(Try it): Copy the data exactly as it appears, and do not include any pictures.

*** Opening of Records for this task ***

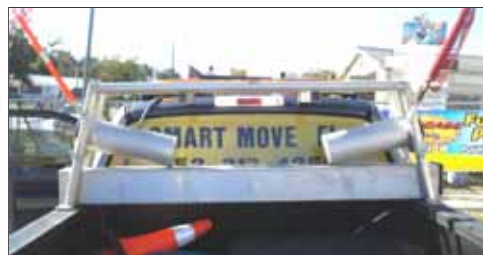
ALUMINUM RACK FOR ESCORT SERVICE: HOLDS SIGNS, FIRE EXTINGUISHER & FLAGS $150 352-317-4250.

*No Haggle No Hassle retail price for model and engine listed. Zone 2 Freight. Retail price does not include freight or rigging, with approved credit payments at 4.99% financing for 120 months. *Money down equal to any amount over m.s.r.p. to establish advertised payment. Local taxes, license, registration and doc fees, in addition to prices shown. Offer available for well-qualified buyers on select models. Subject to credit approval; not all customers will qualify. See dealer for eligibility and complete details.
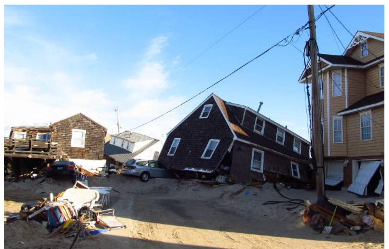
Fig. 36. A severed telecom cable hanging from the pole on the right.
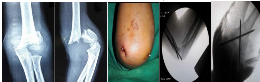
AP & LATERAL VIEW
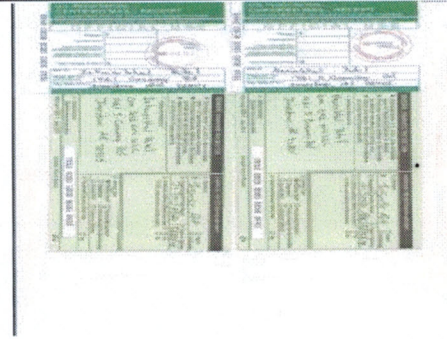
photo taken: 06/02/2014 - Certified_mail_receipt200Certified_mail_receipt.jpg
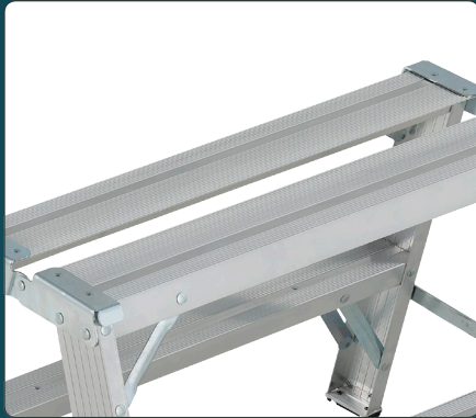
1 Heavy Duty Top 10-in deep top with slip-resistant tread
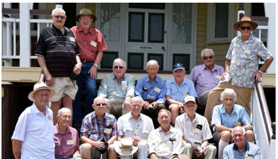
Year groups at Back to College Weekend

Enjoy this edition of Re-Connect and see you at our 2018 events.
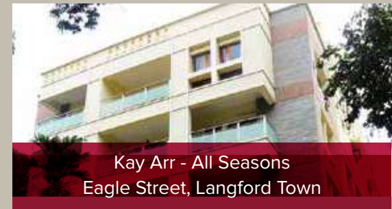
Kay Arr - All Seasons Eagle Street, Langford Town
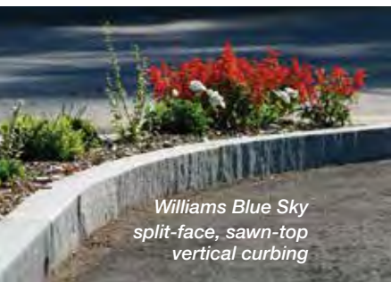
Williams Blue Sky split-face, sawn-top vertical curbing
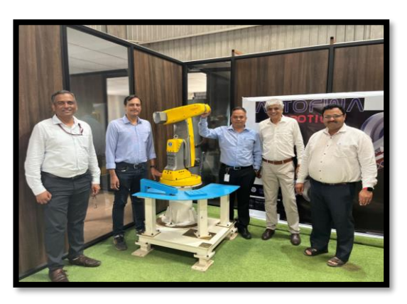
Industry Institute Interaction and Workshop at Autofina Robotics, Pune
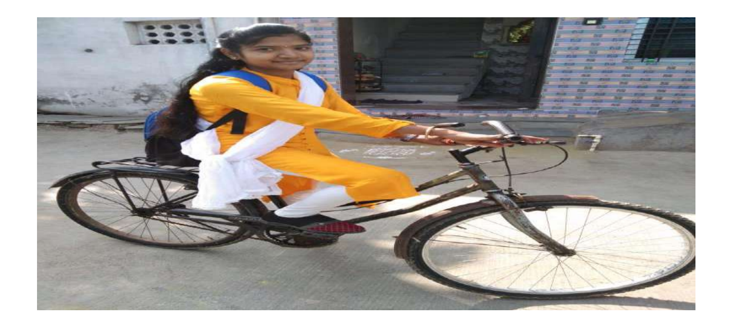
NSS Volunteers and Faculty members at the time. NSS Volunteers participated in Cycle Rally Organised by Hindustan Petrolium
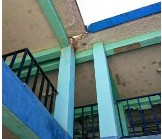
Figure 15 – Evidence of pounding

*** Close of Records for this task ***

(Output):
ALUMINUM RACK FOR ESCORT SERVICE: HOLDS SIGNS, FIRE EXTINGUISHER & FLAGS $150 352-317-4250.

*No Haggle No Hassle retail price for model and engine listed. Zone 2 Freight. Retail price does not include freight or rigging, with approved credit payments at 4.99% financing for 120 months. *Money down equal to any amount over m.s.r.p. to establish advertised payment. Local taxes, license, registration and doc fees, in addition to prices shown. Offer available for well-qualified buyers on select models. Subject to credit approval; not all customers will qualify. See dealer for eligibility and complete details.
Fig. 36. A severed telecom cable hanging from the pole on the right.
AP & LATERAL VIEW
photo taken: 06/02/2014 - Certified_mail_receipt200Certified_mail_receipt.jpg
1 Heavy Duty Top 10-in deep top with slip-resistant tread
Year groups at Back to College Weekend

Enjoy this edition of Re-Connect and see you at our 2018 events.
Kay Arr - All Seasons Eagle Street, Langford Town
Williams Blue Sky split-face, sawn-top vertical curbing
Industry Institute Interaction and Workshop at Autofina Robotics, Pune
NSS Volunteers and Faculty members at the time. NSS Volunteers participated in Cycle Rally Organised by Hindustan Petrolium
Figure 15 – Evidence of pounding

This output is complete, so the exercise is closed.